■ Information supplied:
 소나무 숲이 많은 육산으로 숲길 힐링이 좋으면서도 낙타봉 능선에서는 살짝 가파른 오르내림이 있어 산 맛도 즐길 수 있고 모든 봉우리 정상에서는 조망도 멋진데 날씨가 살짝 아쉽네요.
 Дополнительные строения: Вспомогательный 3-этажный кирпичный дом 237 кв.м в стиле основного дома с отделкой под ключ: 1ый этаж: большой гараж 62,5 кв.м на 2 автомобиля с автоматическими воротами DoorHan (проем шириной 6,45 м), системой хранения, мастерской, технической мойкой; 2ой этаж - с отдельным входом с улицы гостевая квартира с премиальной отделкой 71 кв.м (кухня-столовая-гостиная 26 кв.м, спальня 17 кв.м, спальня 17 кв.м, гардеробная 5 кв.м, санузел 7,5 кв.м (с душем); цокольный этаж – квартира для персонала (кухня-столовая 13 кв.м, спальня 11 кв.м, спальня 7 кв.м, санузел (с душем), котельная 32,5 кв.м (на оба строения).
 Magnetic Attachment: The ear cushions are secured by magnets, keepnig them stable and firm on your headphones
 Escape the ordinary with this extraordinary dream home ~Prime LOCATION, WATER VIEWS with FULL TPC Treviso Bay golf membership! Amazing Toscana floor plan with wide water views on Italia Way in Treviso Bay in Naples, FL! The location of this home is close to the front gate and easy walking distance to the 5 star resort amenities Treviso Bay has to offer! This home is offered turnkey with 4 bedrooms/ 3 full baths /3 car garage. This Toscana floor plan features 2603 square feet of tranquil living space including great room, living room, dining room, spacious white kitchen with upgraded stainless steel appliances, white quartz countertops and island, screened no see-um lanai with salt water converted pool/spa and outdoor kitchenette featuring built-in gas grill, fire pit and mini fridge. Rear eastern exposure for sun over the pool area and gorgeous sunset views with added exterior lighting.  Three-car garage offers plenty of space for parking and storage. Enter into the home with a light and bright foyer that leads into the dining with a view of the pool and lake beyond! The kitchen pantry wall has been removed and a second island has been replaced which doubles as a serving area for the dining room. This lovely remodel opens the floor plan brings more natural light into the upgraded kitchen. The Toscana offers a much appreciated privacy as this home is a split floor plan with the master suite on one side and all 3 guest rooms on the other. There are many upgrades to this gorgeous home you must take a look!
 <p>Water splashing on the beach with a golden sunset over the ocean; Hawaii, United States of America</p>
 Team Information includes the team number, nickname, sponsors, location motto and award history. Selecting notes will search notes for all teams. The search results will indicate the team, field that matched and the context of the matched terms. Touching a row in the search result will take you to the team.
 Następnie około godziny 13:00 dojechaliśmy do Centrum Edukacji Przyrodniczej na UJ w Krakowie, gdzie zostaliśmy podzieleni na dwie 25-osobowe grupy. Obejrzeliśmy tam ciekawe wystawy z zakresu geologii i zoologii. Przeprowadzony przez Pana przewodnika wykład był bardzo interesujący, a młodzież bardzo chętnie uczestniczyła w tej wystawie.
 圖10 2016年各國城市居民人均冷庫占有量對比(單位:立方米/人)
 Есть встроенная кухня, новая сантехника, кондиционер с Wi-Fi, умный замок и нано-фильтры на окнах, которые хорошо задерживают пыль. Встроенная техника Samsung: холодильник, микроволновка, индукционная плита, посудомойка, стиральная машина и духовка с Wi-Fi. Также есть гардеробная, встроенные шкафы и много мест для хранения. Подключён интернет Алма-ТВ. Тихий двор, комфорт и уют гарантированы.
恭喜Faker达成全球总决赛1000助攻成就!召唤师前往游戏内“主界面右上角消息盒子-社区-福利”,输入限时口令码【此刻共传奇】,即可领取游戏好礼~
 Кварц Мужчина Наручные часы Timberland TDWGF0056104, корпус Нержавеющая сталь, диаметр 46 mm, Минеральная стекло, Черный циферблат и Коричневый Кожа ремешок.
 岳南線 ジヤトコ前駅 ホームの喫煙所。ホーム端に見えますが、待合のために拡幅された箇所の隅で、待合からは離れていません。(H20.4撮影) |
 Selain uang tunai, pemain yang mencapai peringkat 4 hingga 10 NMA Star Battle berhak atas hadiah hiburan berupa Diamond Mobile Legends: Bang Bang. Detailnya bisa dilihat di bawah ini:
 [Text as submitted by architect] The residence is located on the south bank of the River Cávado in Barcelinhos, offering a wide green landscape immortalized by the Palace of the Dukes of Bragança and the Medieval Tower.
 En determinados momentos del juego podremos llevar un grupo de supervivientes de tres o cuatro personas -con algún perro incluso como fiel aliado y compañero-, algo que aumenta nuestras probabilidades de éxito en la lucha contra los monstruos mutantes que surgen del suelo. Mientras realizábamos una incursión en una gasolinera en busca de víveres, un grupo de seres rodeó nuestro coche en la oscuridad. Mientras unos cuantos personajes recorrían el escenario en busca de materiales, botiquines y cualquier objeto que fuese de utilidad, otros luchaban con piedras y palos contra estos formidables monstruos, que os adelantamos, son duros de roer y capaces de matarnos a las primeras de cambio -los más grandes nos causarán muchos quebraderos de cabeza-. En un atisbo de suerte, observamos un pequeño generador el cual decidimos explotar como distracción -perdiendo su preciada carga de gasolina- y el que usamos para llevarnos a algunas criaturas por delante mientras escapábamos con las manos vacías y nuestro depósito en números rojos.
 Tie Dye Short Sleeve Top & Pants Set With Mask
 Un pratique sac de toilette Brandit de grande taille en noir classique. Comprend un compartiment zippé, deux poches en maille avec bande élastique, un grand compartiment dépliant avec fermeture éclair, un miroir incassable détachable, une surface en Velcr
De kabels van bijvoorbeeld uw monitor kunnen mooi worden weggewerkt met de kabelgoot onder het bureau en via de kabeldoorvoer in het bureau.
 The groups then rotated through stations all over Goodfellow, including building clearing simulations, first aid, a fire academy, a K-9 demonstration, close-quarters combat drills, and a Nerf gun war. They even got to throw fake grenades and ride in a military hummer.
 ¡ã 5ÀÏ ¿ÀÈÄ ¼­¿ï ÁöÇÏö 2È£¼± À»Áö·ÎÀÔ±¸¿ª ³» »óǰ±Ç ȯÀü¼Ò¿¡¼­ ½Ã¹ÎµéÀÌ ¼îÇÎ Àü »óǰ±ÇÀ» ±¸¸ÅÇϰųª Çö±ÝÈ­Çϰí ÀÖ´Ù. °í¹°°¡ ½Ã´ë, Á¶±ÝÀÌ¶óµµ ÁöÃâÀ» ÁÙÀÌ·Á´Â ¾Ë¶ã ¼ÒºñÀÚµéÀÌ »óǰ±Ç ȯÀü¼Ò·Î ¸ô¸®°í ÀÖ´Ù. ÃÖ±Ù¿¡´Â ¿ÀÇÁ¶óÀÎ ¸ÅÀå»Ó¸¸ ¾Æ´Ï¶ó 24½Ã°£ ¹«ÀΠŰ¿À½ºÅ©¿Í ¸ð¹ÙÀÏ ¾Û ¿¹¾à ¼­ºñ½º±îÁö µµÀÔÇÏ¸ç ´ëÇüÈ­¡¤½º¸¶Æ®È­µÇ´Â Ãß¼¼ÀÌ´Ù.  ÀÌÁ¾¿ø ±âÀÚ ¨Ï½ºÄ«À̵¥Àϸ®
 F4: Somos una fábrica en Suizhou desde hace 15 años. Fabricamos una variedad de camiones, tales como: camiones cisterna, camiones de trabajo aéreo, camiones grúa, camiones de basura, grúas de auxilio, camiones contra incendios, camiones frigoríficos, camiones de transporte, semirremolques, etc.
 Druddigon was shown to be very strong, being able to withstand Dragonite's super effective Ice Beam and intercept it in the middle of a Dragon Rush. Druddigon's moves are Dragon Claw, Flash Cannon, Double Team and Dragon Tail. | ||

■ What you are asked to do: Whatever the number of entries above, each one is to be copied exactly.

■ Completed exercise:
 소나무 숲이 많은 육산으로 숲길 힐링이 좋으면서도 낙타봉 능선에서는 살짝 가파른 오르내림이 있어 산 맛도 즐길 수 있고 모든 봉우리 정상에서는 조망도 멋진데 날씨가 살짝 아쉽네요.
 Дополнительные строения: Вспомогательный 3-этажный кирпичный дом 237 кв.м в стиле основного дома с отделкой под ключ: 1ый этаж: большой гараж 62,5 кв.м на 2 автомобиля с автоматическими воротами DoorHan (проем шириной 6,45 м), системой хранения, мастерской, технической мойкой; 2ой этаж - с отдельным входом с улицы гостевая квартира с премиальной отделкой 71 кв.м (кухня-столовая-гостиная 26 кв.м, спальня 17 кв.м, спальня 17 кв.м, гардеробная 5 кв.м, санузел 7,5 кв.м (с душем); цокольный этаж – квартира для персонала (кухня-столовая 13 кв.м, спальня 11 кв.м, спальня 7 кв.м, санузел (с душем), котельная 32,5 кв.м (на оба строения).
 Magnetic Attachment: The ear cushions are secured by magnets, keepnig them stable and firm on your headphones
 Escape the ordinary with this extraordinary dream home ~Prime LOCATION, WATER VIEWS with FULL TPC Treviso Bay golf membership! Amazing Toscana floor plan with wide water views on Italia Way in Treviso Bay in Naples, FL! The location of this home is close to the front gate and easy walking distance to the 5 star resort amenities Treviso Bay has to offer! This home is offered turnkey with 4 bedrooms/ 3 full baths /3 car garage. This Toscana floor plan features 2603 square feet of tranquil living space including great room, living room, dining room, spacious white kitchen with upgraded stainless steel appliances, white quartz countertops and island, screened no see-um lanai with salt water converted pool/spa and outdoor kitchenette featuring built-in gas grill, fire pit and mini fridge. Rear eastern exposure for sun over the pool area and gorgeous sunset views with added exterior lighting.  Three-car garage offers plenty of space for parking and storage. Enter into the home with a light and bright foyer that leads into the dining with a view of the pool and lake beyond! The kitchen pantry wall has been removed and a second island has been replaced which doubles as a serving area for the dining room. This lovely remodel opens the floor plan brings more natural light into the upgraded kitchen. The Toscana offers a much appreciated privacy as this home is a split floor plan with the master suite on one side and all 3 guest rooms on the other. There are many upgrades to this gorgeous home you must take a look!
 <p>Water splashing on the beach with a golden sunset over the ocean; Hawaii, United States of America</p>
 Team Information includes the team number, nickname, sponsors, location motto and award history. Selecting notes will search notes for all teams. The search results will indicate the team, field that matched and the context of the matched terms. Touching a row in the search result will take you to the team.
 Następnie około godziny 13:00 dojechaliśmy do Centrum Edukacji Przyrodniczej na UJ w Krakowie, gdzie zostaliśmy podzieleni na dwie 25-osobowe grupy. Obejrzeliśmy tam ciekawe wystawy z zakresu geologii i zoologii. Przeprowadzony przez Pana przewodnika wykład był bardzo interesujący, a młodzież bardzo chętnie uczestniczyła w tej wystawie.
 圖10 2016年各國城市居民人均冷庫占有量對比(單位:立方米/人)
 Есть встроенная кухня, новая сантехника, кондиционер с Wi-Fi, умный замок и нано-фильтры на окнах, которые хорошо задерживают пыль. Встроенная техника Samsung: холодильник, микроволновка, индукционная плита, посудомойка, стиральная машина и духовка с Wi-Fi. Также есть гардеробная, встроенные шкафы и много мест для хранения. Подключён интернет Алма-ТВ. Тихий двор, комфорт и уют гарантированы.
恭喜Faker达成全球总决赛1000助攻成就!召唤师前往游戏内“主界面右上角消息盒子-社区-福利”,输入限时口令码【此刻共传奇】,即可领取游戏好礼~
 Кварц Мужчина Наручные часы Timberland TDWGF0056104, корпус Нержавеющая сталь, диаметр 46 mm, Минеральная стекло, Черный циферблат и Коричневый Кожа ремешок.
 岳南線 ジヤトコ前駅 ホームの喫煙所。ホーム端に見えますが、待合のために拡幅された箇所の隅で、待合からは離れていません。(H20.4撮影) |
 Selain uang tunai, pemain yang mencapai peringkat 4 hingga 10 NMA Star Battle berhak atas hadiah hiburan berupa Diamond Mobile Legends: Bang Bang. Detailnya bisa dilihat di bawah ini:
 [Text as submitted by architect] The residence is located on the south bank of the River Cávado in Barcelinhos, offering a wide green landscape immortalized by the Palace of the Dukes of Bragança and the Medieval Tower.
 En determinados momentos del juego podremos llevar un grupo de supervivientes de tres o cuatro personas -con algún perro incluso como fiel aliado y compañero-, algo que aumenta nuestras probabilidades de éxito en la lucha contra los monstruos mutantes que surgen del suelo. Mientras realizábamos una incursión en una gasolinera en busca de víveres, un grupo de seres rodeó nuestro coche en la oscuridad. Mientras unos cuantos personajes recorrían el escenario en busca de materiales, botiquines y cualquier objeto que fuese de utilidad, otros luchaban con piedras y palos contra estos formidables monstruos, que os adelantamos, son duros de roer y capaces de matarnos a las primeras de cambio -los más grandes nos causarán muchos quebraderos de cabeza-. En un atisbo de suerte, observamos un pequeño generador el cual decidimos explotar como distracción -perdiendo su preciada carga de gasolina- y el que usamos para llevarnos a algunas criaturas por delante mientras escapábamos con las manos vacías y nuestro depósito en números rojos.
 Tie Dye Short Sleeve Top & Pants Set With Mask
 Un pratique sac de toilette Brandit de grande taille en noir classique. Comprend un compartiment zippé, deux poches en maille avec bande élastique, un grand compartiment dépliant avec fermeture éclair, un miroir incassable détachable, une surface en Velcr
De kabels van bijvoorbeeld uw monitor kunnen mooi worden weggewerkt met de kabelgoot onder het bureau en via de kabeldoorvoer in het bureau.
 The groups then rotated through stations all over Goodfellow, including building clearing simulations, first aid, a fire academy, a K-9 demonstration, close-quarters combat drills, and a Nerf gun war. They even got to throw fake grenades and ride in a military hummer.
 ¡ã 5ÀÏ ¿ÀÈÄ ¼­¿ï ÁöÇÏö 2È£¼± À»Áö·ÎÀÔ±¸¿ª ³» »óǰ±Ç ȯÀü¼Ò¿¡¼­ ½Ã¹ÎµéÀÌ ¼îÇÎ Àü »óǰ±ÇÀ» ±¸¸ÅÇϰųª Çö±ÝÈ­Çϰí ÀÖ´Ù. °í¹°°¡ ½Ã´ë, Á¶±ÝÀÌ¶óµµ ÁöÃâÀ» ÁÙÀÌ·Á´Â ¾Ë¶ã ¼ÒºñÀÚµéÀÌ »óǰ±Ç ȯÀü¼Ò·Î ¸ô¸®°í ÀÖ´Ù. ÃÖ±Ù¿¡´Â ¿ÀÇÁ¶óÀÎ ¸ÅÀå»Ó¸¸ ¾Æ´Ï¶ó 24½Ã°£ ¹«ÀΠŰ¿À½ºÅ©¿Í ¸ð¹ÙÀÏ ¾Û ¿¹¾à ¼­ºñ½º±îÁö µµÀÔÇÏ¸ç ´ëÇüÈ­¡¤½º¸¶Æ®È­µÇ´Â Ãß¼¼ÀÌ´Ù.  ÀÌÁ¾¿ø ±âÀÚ ¨Ï½ºÄ«À̵¥Àϸ®
 F4: Somos una fábrica en Suizhou desde hace 15 años. Fabricamos una variedad de camiones, tales como: camiones cisterna, camiones de trabajo aéreo, camiones grúa, camiones de basura, grúas de auxilio, camiones contra incendios, camiones frigoríficos, camiones de transporte, semirremolques, etc.
 Druddigon was shown to be very strong, being able to withstand Dragonite's super effective Ice Beam and intercept it in the middle of a Dragon Rush. Druddigon's moves are Dragon Claw, Flash Cannon, Double Team and Dragon Tail. | ||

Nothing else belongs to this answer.